ACTIVITY
Pictures aside, output each record exactly.

* * * * * * * * *

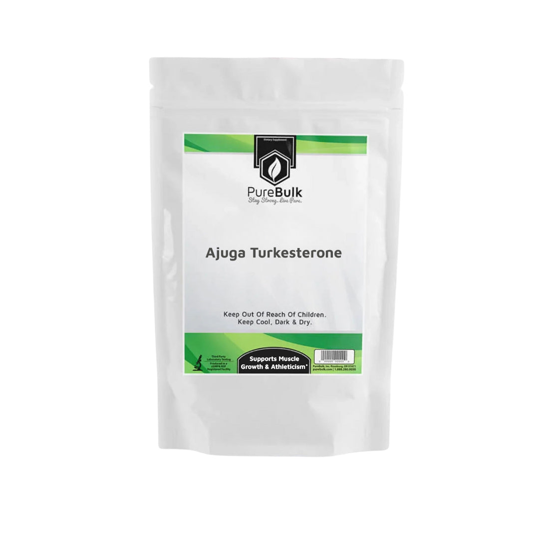 From a biochemical perspective, turkesterone is structurally similar to insect molting hormones (ecdysteroids), but in humans, it differs from androgens or synthetic anabolic steroids. Its proposed mechanisms involve signaling pathways (such as PI3K/Akt/mTOR) rather than direct binding to classical androgen receptors. PureBulk standardizes its Ajuga Turkesterone supplements to a 10% extract to deliver a measurable and consistent concentration.
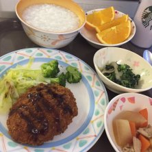 入院17日目 夕飯…… 編み物に夢中になっていて投稿忘れてました(^-^;A ハンバーグに見えますが…つくねの照り焼きです(笑) いまはシュシュを編んでいます(๑⃙⃘ˊ꒳ˋ๑⃙⃘))ニヒヒ♡ まだ決まり事が良く解らず間違えて何回も編み直しましたがやっとひと段落です! さてと…ねよ~〜 おやすみなさいーー。・*・:≡( 「ε:)ノ
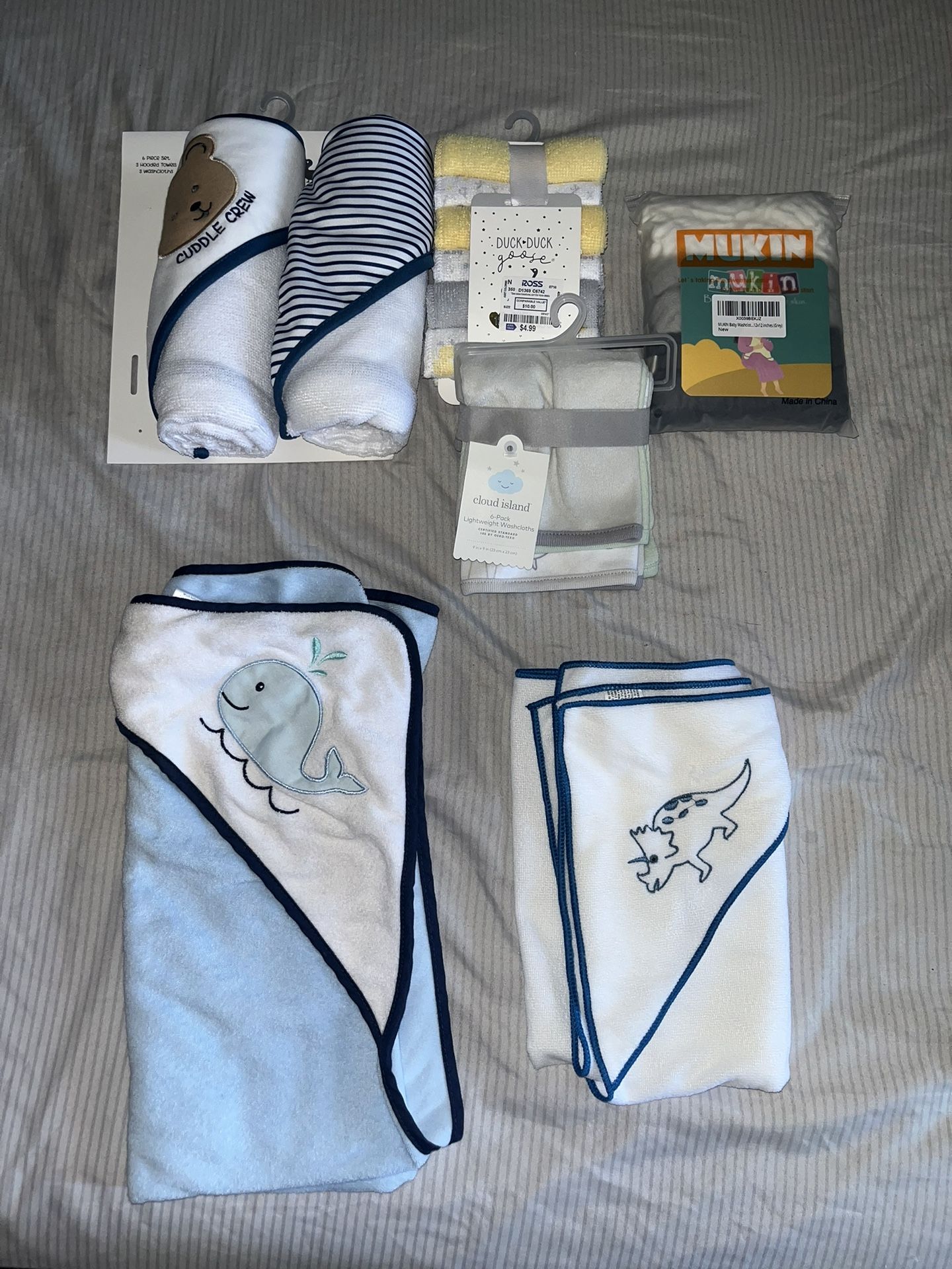 Most new with tags. Infant hooded towels and washcloths $25 for all OBO . Located in Santee 92071 WILLING to meet within reason Serious buyers only
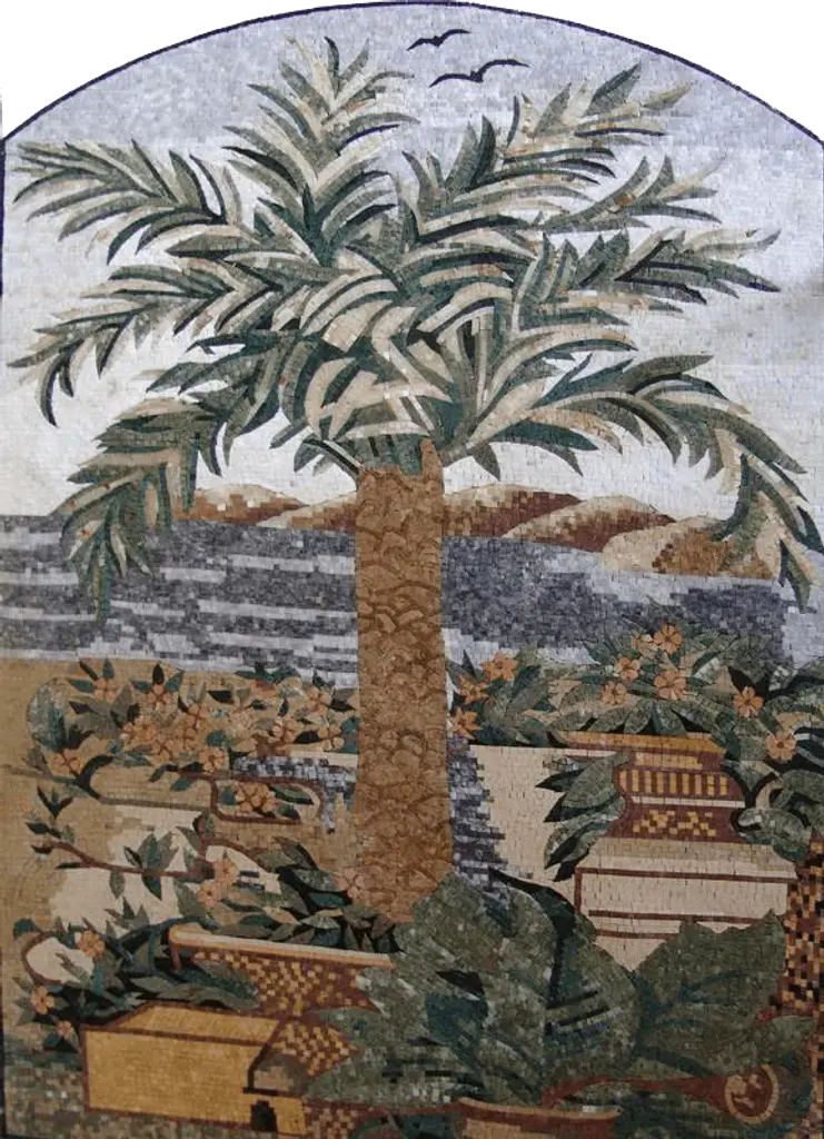 Arched Mosaic - Palm Tree - 135cm X 180cm (53" X 71")
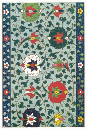 Keywords: Owen Jones - Examples of Chinese Ornament - 1867 - plate 011.png 010 XI 11 012 The same principles which are exhibited in Plate II are to be seen in this specimen from a Bowl in cloisonné enamel The large flowers are arranged in triangles crossed by smaller flowers in the opposite direction and all connected by a continuous stem throwing off leaves and stalks to fill up the ground; all geometrically arranged and yet not in a manner so apparent as to interfere with the freedom of the composition The system of triangulation is still further kept up in the colouring On the left the purple flower is the apex of a triangle with two red flowers for a base the left one not being contained on the plate In the same way on the right of the plate the light-green flower is the apex of a triangle with two dark-green flowers at the base The white flower is the centre of the composition and stands alone and yet its centre lies between two small red flowers which form the base of a triangle having a green flower for the apex Aristeas Archival version Owen Jones - Examples of Chinese Ornament - 1867 - plate 011 - 300ppi jpg PNG PD-old-100-1923 Cloisonné of China Metal bowls Floral patterns Floral designs in China |
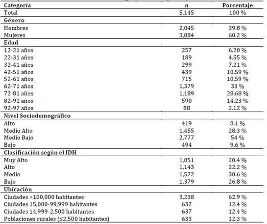 La base de datos con los participantes fue retomada del sitio oficial del INEGI (2023), correspondiente al cuestionario módulo 2, cuya población objetivo son las personas con discapacidad, es decir, quienes indicaron tener alguna de las siguientes características: 1. Dificultades para caminar, subir o bajar escalones usando sus piernas; 2. Ver, aun usando lentes; 3. Mover o usar sus brazos o manos; 4. Aprender, recordar o concentrarse por alguna condición intelectual; 5. Oír, aun usando un aparato auditivo; 6. Hablar o comunicarse; 7. Bañarse, vestirse o comer; y 8. Realizar sus actividades diarias por una condición emocional o mental. Las características de la muestra de estudio pueden observarse en la Tabla 1.
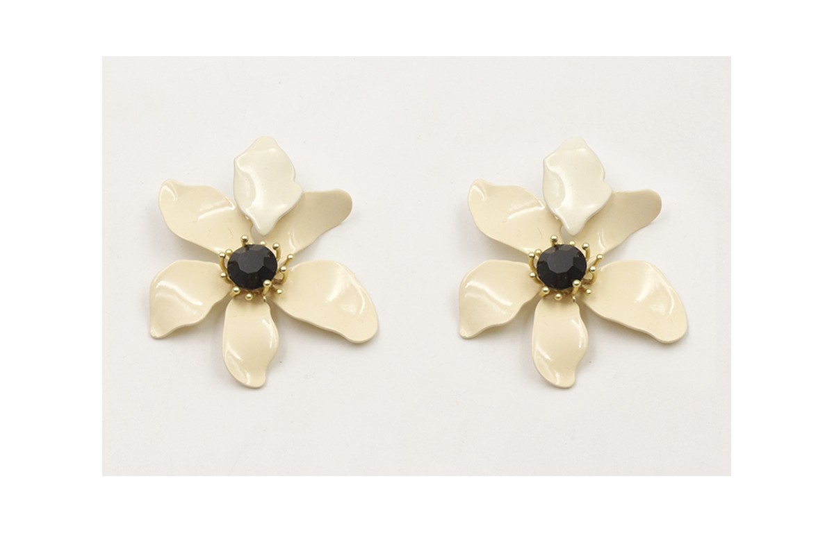 Pendiente flor esmlatada beige con brillo negro. L

* * * * * * * * *

ANSWER AREA
 From a biochemical perspective, turkesterone is structurally similar to insect molting hormones (ecdysteroids), but in humans, it differs from androgens or synthetic anabolic steroids. Its proposed mechanisms involve signaling pathways (such as PI3K/Akt/mTOR) rather than direct binding to classical androgen receptors. PureBulk standardizes its Ajuga Turkesterone supplements to a 10% extract to deliver a measurable and consistent concentration.
 入院17日目 夕飯…… 編み物に夢中になっていて投稿忘れてました(^-^;A ハンバーグに見えますが…つくねの照り焼きです(笑) いまはシュシュを編んでいます(๑⃙⃘ˊ꒳ˋ๑⃙⃘))ニヒヒ♡ まだ決まり事が良く解らず間違えて何回も編み直しましたがやっとひと段落です! さてと…ねよ~〜 おやすみなさいーー。・*・:≡( 「ε:)ノ
 Most new with tags. Infant hooded towels and washcloths $25 for all OBO . Located in Santee 92071 WILLING to meet within reason Serious buyers only
 Arched Mosaic - Palm Tree - 135cm X 180cm (53" X 71")
 Keywords: Owen Jones - Examples of Chinese Ornament - 1867 - plate 011.png 010 XI 11 012 The same principles which are exhibited in Plate II are to be seen in this specimen from a Bowl in cloisonné enamel The large flowers are arranged in triangles crossed by smaller flowers in the opposite direction and all connected by a continuous stem throwing off leaves and stalks to fill up the ground; all geometrically arranged and yet not in a manner so apparent as to interfere with the freedom of the composition The system of triangulation is still further kept up in the colouring On the left the purple flower is the apex of a triangle with two red flowers for a base the left one not being contained on the plate In the same way on the right of the plate the light-green flower is the apex of a triangle with two dark-green flowers at the base The white flower is the centre of the composition and stands alone and yet its centre lies between two small red flowers which form the base of a triangle having a green flower for the apex Aristeas Archival version Owen Jones - Examples of Chinese Ornament - 1867 - plate 011 - 300ppi jpg PNG PD-old-100-1923 Cloisonné of China Metal bowls Floral patterns Floral designs in China |
 La base de datos con los participantes fue retomada del sitio oficial del INEGI (2023), correspondiente al cuestionario módulo 2, cuya población objetivo son las personas con discapacidad, es decir, quienes indicaron tener alguna de las siguientes características: 1. Dificultades para caminar, subir o bajar escalones usando sus piernas; 2. Ver, aun usando lentes; 3. Mover o usar sus brazos o manos; 4. Aprender, recordar o concentrarse por alguna condición intelectual; 5. Oír, aun usando un aparato auditivo; 6. Hablar o comunicarse; 7. Bañarse, vestirse o comer; y 8. Realizar sus actividades diarias por una condición emocional o mental. Las características de la muestra de estudio pueden observarse en la Tabla 1.
 Pendiente flor esmlatada beige con brillo negro. L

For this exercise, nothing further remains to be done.